No entanto, apesar desse ritmo crescente de produção, que impõe uma conta alta em termos de aquecimento global e crise climática, verificam-se dois fatos: 32% de toda a produção de alimentos para humanos é perdida ou desperdiçada a cada ano: 1,3 bilhão de toneladas, segundo a FAO.
Na Espanha, o desperdício de alimentos também está aumentando. A última contagem do Ministério da Agricultura calcula que foram descartados 1.339 milhões de quilos, em 2018, o que significa 8,9% a mais que no ano anterior. Ao mesmo tempo, o número de pessoas com fome não parou de crescer nos últimos três anos. A própria FAO calculou que, ao final de 2018, havia 820 milhões de pessoas, dez milhões a mais que no ano anterior. 77 países viram seu nível de desnutrição crescer entre 2011 e 2017, ao mesmo tempo que se obtinham mais alimentos do que nunca.
Por trás do aumento da produção de alimentos estão os fertilizantes agrícolas. Na verdade, a associação europeia de fertilizantes, Fertilizers Europe, analisa que o hectare cultivado que fornecia comida para duas pessoas, em 1960, obtém produtos para satisfazer as necessidades de cinco hoje. Uma grande proporção dos fertilizantes usados nos campos é à base de nitrogênio, seja sintético ou por meio de esterco.
De acordo com as estatísticas da Fertilizers Europe, cerca de 100 milhões de toneladas de fertilizantes sintéticos de nitrogênio são aplicados nos campos agrícolas a cada ano, aos quais são adicionados outros 100 milhões de toneladas de esterco. Na Espanha, pelo menos desde 2000, um milhão de toneladas de fertilizante nitrogenado é consumido anualmente para uso agrícola, de acordo com relatórios do Ministério da Agricultura. Em 2019, as emissões espanholas de N2O caíram 3% pelo uso de fertilizantes, explica Transição Ecológica.
A eficácia dos fertilizantes é evidente, o que coloca em evidência esta última pesquisa (junto com outras) é o preço climático imposto pela aceleração agrícola, que também não conseguiu alimentar toda a população mundial. Tanto os fertilizantes industriais como os fertilizantes de esterco são responsáveis, no longo prazo, pelas emissões de N2O que aquecem o planeta.
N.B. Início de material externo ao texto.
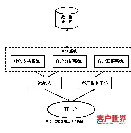 总体而言,券商经纪业务的CRM 系统一般由业务支持系统、客户分析系统和客户联系系统三部分组成。业务支持系统的功能主要是为经纪人的业务活动提供信息支持, 通过智能化工具协助经纪人进行客户和市场分析。客户联系系统的功能主要是为客户提供集成化的沟通渠道和为客户提供信息咨询服务。客户分析系统则以中心数据仓库为核心, 为各分支业务系统提供集成数据处理, 同时为管理层和业务分析人员提供客户分析资料。这一管理系统结构图示如下(图3):

O Painel Internacional de Especialistas em Mudanças Climáticas (IPCC) lembrou, em seu último relatório sobre Mudanças Climáticas e uso da terra, que as emissões de N2O "são principalmente devido às atividades humanas, especificamente agricultura e mudanças associadas ao uso da terra". Há dez meses, uma equipe internacional que incluía o Norwegian Air Research Institute, o Instituto Tecnológico de Massachusetts e a Universidade Politécnica de Madrid descobriu que a emissão de óxido nitroso tinha se acelerado, a partir de 2009, a uma taxa "significativamente mais rápida do que o esperado". E falaram também que esse fenômeno está "diretamente relacionado ao uso de fertilizantes agrícolas, com o aumento da área destinada à fixação de lavouras como a soja e a queima de combustíveis fósseis".
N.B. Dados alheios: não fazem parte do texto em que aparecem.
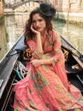 The Peach-Pink Floral Chinon Silk Anarkali Gown features intricate heavy embroidery on the yoke and border, enhanced by delicate floral digital prints. Its flowing silhouette moves gracefully, complemented by a matching embroidered dupatta that elevates the ensemble's sophistication. Ideal for wedding receptions, parties, and festive events, this gown combines refined craftsmanship with effortless elegance for standout style.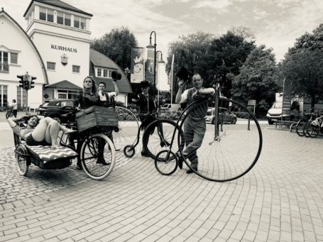 Mit einem vielfältigen Programm ziehen die Kleinkünstler*innen durch die Eutiner Innenstadt und sorgen mit ihrer mobilen Bühne für Unterhaltung.

"A crescente demanda por alimentos e rações para animais aumentará ainda mais as emissões globais de óxido nitroso", analisa Hanqin Tian. O codiretor de pesquisa Josep Canadell acrescenta que esses números exigem "um repensar em grande escala das maneiras como usamos e abusamos dos fertilizantes de nitrogênio globalmente e nos incentiva a adotar práticas mais sustentáveis na forma como produzimos alimentos, incluindo a redução do desperdício de alimentos".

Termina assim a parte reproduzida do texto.